At the risk of repeating myself: I don't have any conclusions.
> There is absolutely no intrinsic value in a big runtime.
And yet there is cost. It is unclear if that cost is a factor.
> Now, one can trivially make a <1KB read-eval-print runtime. So I'll answer your question with a question: why do people not use <1KB runtimes?
Because they are not useful.
We are looking at a business problem, think about the ways people can solve that problem, and cross-comparing the tooling used by those different solutions.
Is there really nothing to be gained here?
The memory-central approach clearly wins out so heavily (and the fact we can map-reduce across cores or machines as our problem gets bigger) is a huge advantage in the KDB-powered solution. It's also the obvious implementation for a KDB-powered solution.
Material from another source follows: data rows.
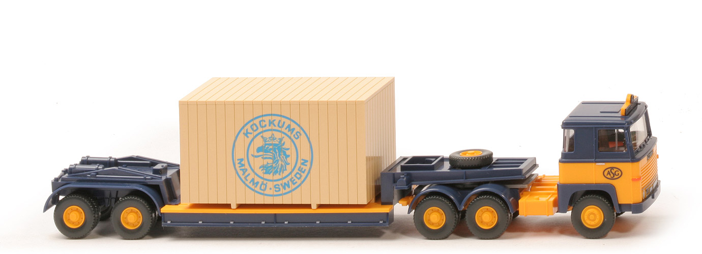 | Zugmaschine | Kabinendach | "saphirblau", Dachschild ASG melonengelb | Kabine oben | "saphirblau" | Kabine unten | melonengelb | Stoßstange | "saphirblau" | Frontbeschriftung | SCANIA und 111 silbern, "saphirblau" unterlegt | weitere Bedruckung | Blinker orange, Türgriffe, Scheinwerfer silbern | Bedruckung Türen | ASG-Logo | Scheinwerfer Ausführung | an der Kabine | Spiegel | mit | Scheibenwischer | mit | Inneneinrichtung | ca. ockerbraun, mit Lkr integriert | Sattelpfanne | für großen Königsbolzen | Reserverad | ohne | Chassis Farbe | melonengelb | Bodenprägung | neues WIKING-Logo | Radlauf hinten | 2-teilig, "saphirblau" | | Auflieger | Korpus | "saphirblau" | Pritscheneinlage | melonengelb | Bodenprägung | 503, neues WIKING-Logo | Achseinheit | Klipsachsen, Kotflügel rund, "saphirblau" | Reserverad | über Drehschemel | | Ladung | Ladung Typ | Kiste hellbeige | Bedruckung | "Kockums, Malmö - Sweden", Adler-Logo | | Räder | Typ | 12mm, Profil grob | Felgen | melonengelb, 8-Loch |
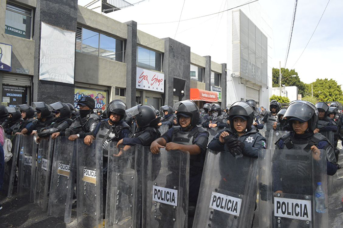 Redacción/La Voz de Michoacán Morelia, Michoacán. Luego de que detuvieron a 34 maestros por bloquear las vías del tren, la SSP mantiene la vigilancia de las manifestaciones de la CNTE. Elementos de la Unidad de Restablecimiento del Orden Público (UROP) monitorean las acciones que agremiados al sindicato educativo llevan a cabo. Personal de la Policía Michoacán también realiza labores de vigilancia en avenidas principales y oficinas administrativas en diferentes puntos del estado. Además, a través del Centro Estatal de Comando, Comunicaciones, Cómputo, Control, Coordinación e Inteligencia se monitorea que las manifestaciones se realicen sin alteraciones.
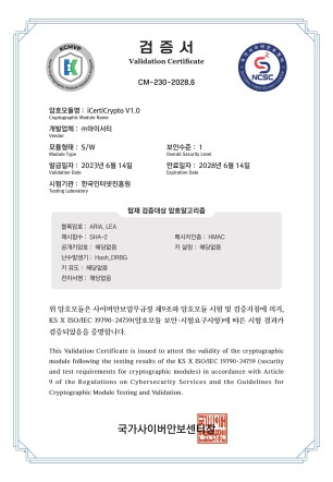 KCMVP 1등급 암호모듈 검증서
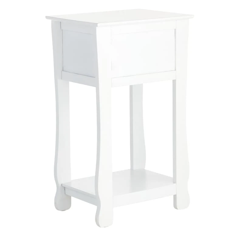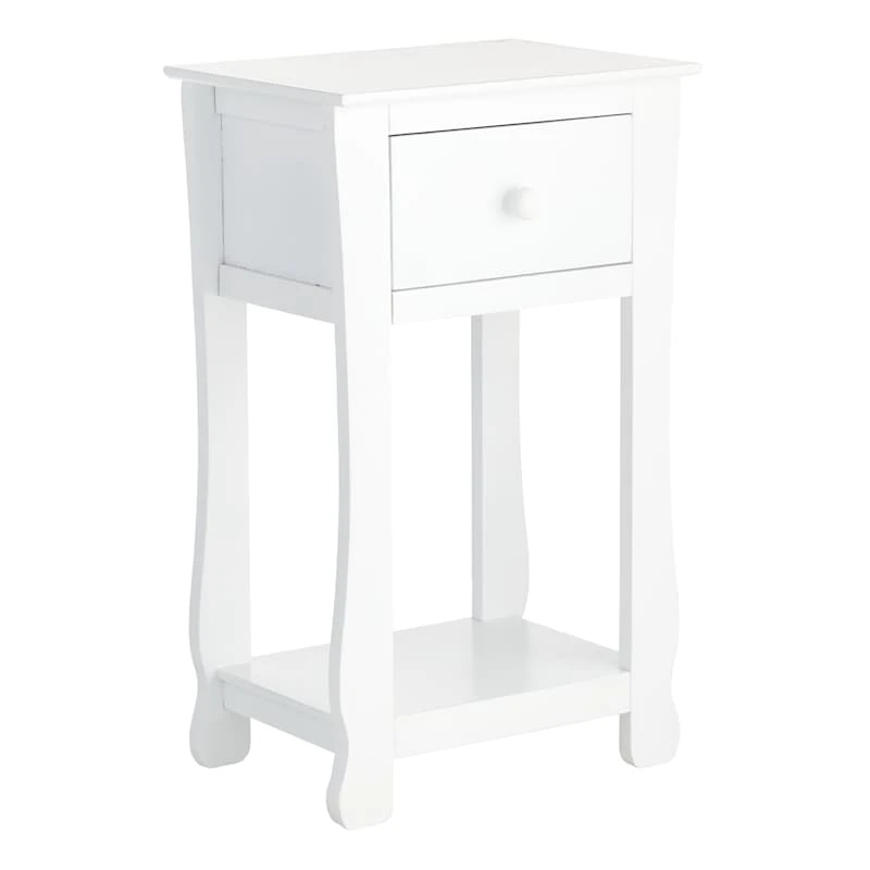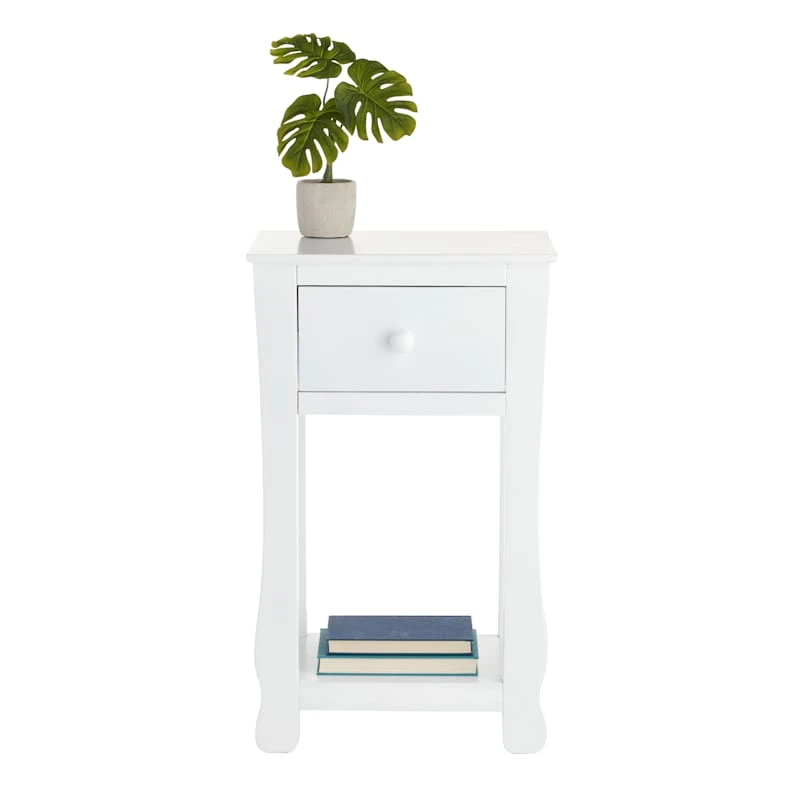 This single drawer end table makes it super convenient to snuggle up on the couch with a journal and a snack, or to settle into bed with tea and a book! Have everything you need within reach with this white accent table with drawer! Place a plant, decorative piece, or magazines on the bottom shelf and a reading lamp on the top. Or top it with a cluster of LED candles for cozy nights. Whatever your style, with its white color and solid, streamlined build, this table can easily become a part of your go-to relaxation nook!
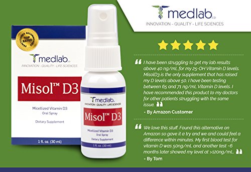-. Binding : Health and Beauty -. EAN : 0865678000086 -. Feature : 48 HOUR Discount over 50%! / NANOTECHNOLOGY D3 PROVIDES HIGHEST ABSORPTION - Our patent pending process has reduced Vitamin D3 liquid to particles significantly smaller (50 times) than your blood cells (ProP.R.Ietary process) so Vitamin D3 is in your bloodstream within MINUTES! (See graph of absorption rates in our images) / HIGH POTENCY 5000 IU - This is 5000 IU that goes directly into your blood stream in minutes rather than loosing 80 - 90% absorption when you take tablets or capsules / SIMPLY SPRAY TWICE PER DAY IN YOUR MOUTH - No Pills or Capsules to take and more efficient than sublingual tablets, just a very fine peppermint flavored 'mist' to spray which maximizes exposure through your Oral Mucosa (your mouth). ZERO goes into your digestive system like other tablets and capsules and all of it goes directly into your body! / BYPASSES YOUR DIGESTIVE SYSTEM - Our Vitamin D3 doesn't have to have to travel through your digestive system where physical conditions and malabsorption problems may hinder uptake and use. -. IsAdultProduct : 0 -. Label : InMed Technologies -. Manufacturer : InMed Technologies -. PackageQuantity : 1 -. ProductGroup : Health and Beauty -. ProductTypeName : HEALTH_PERSONAL_CARE -. Publisher : InMed Technologies -. Studio : InMed Technologies -. Title : Misol Vitamin D3 (5000 IU) Oral Spray, 1 Ounce -. UPC : 865678000086
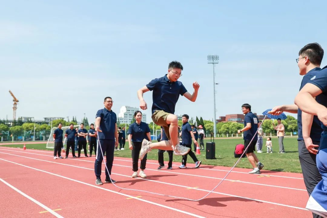 合力运球、跳长绳、同心协力、接力传乒乓球、传呼啦圈、拔河6个团体项目依次开展,老师们精神饱满、斗志昂扬,展现出了积极的参赛热情。不少教职工携家属观战,场边喝彩声、欢笑声不断,活动现场气氛活跃。

Is this Spark-based solution not the typical way Spark is implemented?
Could a 10mb solution do the same if it can't get into L1? Is it worth trying to figure out how to make Spark work correctly if the JVM has a size limit? Is that a size limit?
There are a lot of questions here that require more experiments to answer, but one thing stands out to me: Why bother?
If I've got a faster tool, that encourages the correct approach, why should I bother trying to figure these things out? Or put perhaps more clearly: What do I gain with that 10mb?
That CUDA solution is exciting... There is stuff to think about there.